All of Florens's mothers actions from the time her children were born were aimed at protecting them from the horrors she herself had to endure from the time she was sold to slave traders by the her family's enemies in Angola until we meet her on Senhor's farm, where she evidently must be constantly on her guard against the master and his wife, both of whom have a tendency to force themselves on their females among their chattels. Little Florens had already caught their attention, and since they would have no interest in her boy, it was her daughter she was most anxious to keep out of their reach. When Vaark, a man whom she believed to have "no animal in his heart" (191), arrived on the farm to settle his debt, she jumped at the opportunity to get Florens away from Jublio:
One chance, I thought. There is no protection but there is difference. You stood there in those shoes and the tall man [Vaark] laughed and said he would take me to close the debt. I knew Senhor would not allow it. I said you. Take you, my daughter. Because I saw the tall man see you as a human child, not pieces of eight. I knelt before him, hoping for a miracle. He said yes.

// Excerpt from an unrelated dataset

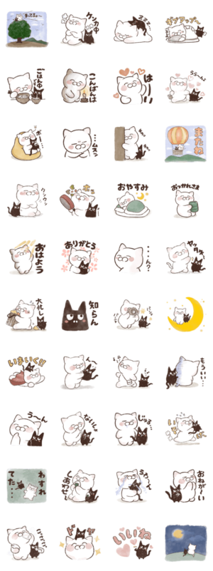 日常使いに便利な優しいタッチのスタンプ。白猫と黒猫。大和猫 より発売

It was not a miracle. Bestowed by God. It was a mercy. Offered by a human. I stayed on my knees. In the dust where my heart will remain each night and every day until you understand what I know and long to tell you: to be given dominion over another is a hard thing; to wrest dominion over another is a wrong thing; to give dominion of yourself to another is a wicked thing.
Oh Florens. My love. Hear a tua mae (195-6).
Though Morrison literally gives Florens's mother "the last word" in the novel, its position gives it a belated, epilogue-like quality and reinforces our sense that Florens's tragedy is still her inability to read her mother's actions not as rejection, but as love's greatest sacrifice. How unfair, we might think, that we are given the privilege of this life-saving knowledge, but the one for whom it is intended cannot access it. However, perhaps Morrison ends the novel with a minha mae's explanation not to reinforce the tragic element of Florens's misreading, but rather to highlight the fact that Florens has come to understand on her own what her mother longs to tell her. After all, a minha mae's pronouncements on dominion, the ones she feels compelled to share, echo Florens's own pronouncements about the lion and his man: those who give dominion of themselves to others parallel the asses in lions' skins; those who forcibly seize dominion from others are, perhaps, the lions believe their manes give them the right to set the rules for how others will live. What is missing from a minha mae's assessment, however, are those who wrest dominion of themselves from others and then do not turn around to oppress those who do not or cannot. These are, perhaps, Florens's lionesses in skins of asses--those who do not think the mane is all, those who will risk to help others because they believe in the possibility of a more just, better world.

In the Cross-Hairs:
  • It might be fun or interesting, given their mutual interest in orphans and foundlings, to pair A Mercy with Suzan-Lori Parks's The America Play, concentrating especially on their strategies of telling and recovery.
  • Clearly, a discussion of this novel would not be complete without revisiting Henry Louis Gates's chapter, "The Trope of the Talking Book," in The Signifying Monkey. 
  • For some reason--maybe it was Vaark's story and the big, rambling mistake of a house, but this novel immediately reminded me of Absalom, Absalom! So I'll be discussing that text next. It's been discussed with Beloved, but I doubt it's received the Mercy treatment yet
  • It immediately made me want to read Erna Brodber's Louisiana, which also seems a likely bridge between something like this and say, Mules and Men or Absalom, Absalom!
  • While I've all but ignored it in this discussion so far, the fact that the blacksmith is not given a chapter of his own, but rather assumes the vaguest of contours for the reader through the observations shared by other characters, should not be overlooked. What motivates that particular narrative strategy for Morrison, and what are its effects?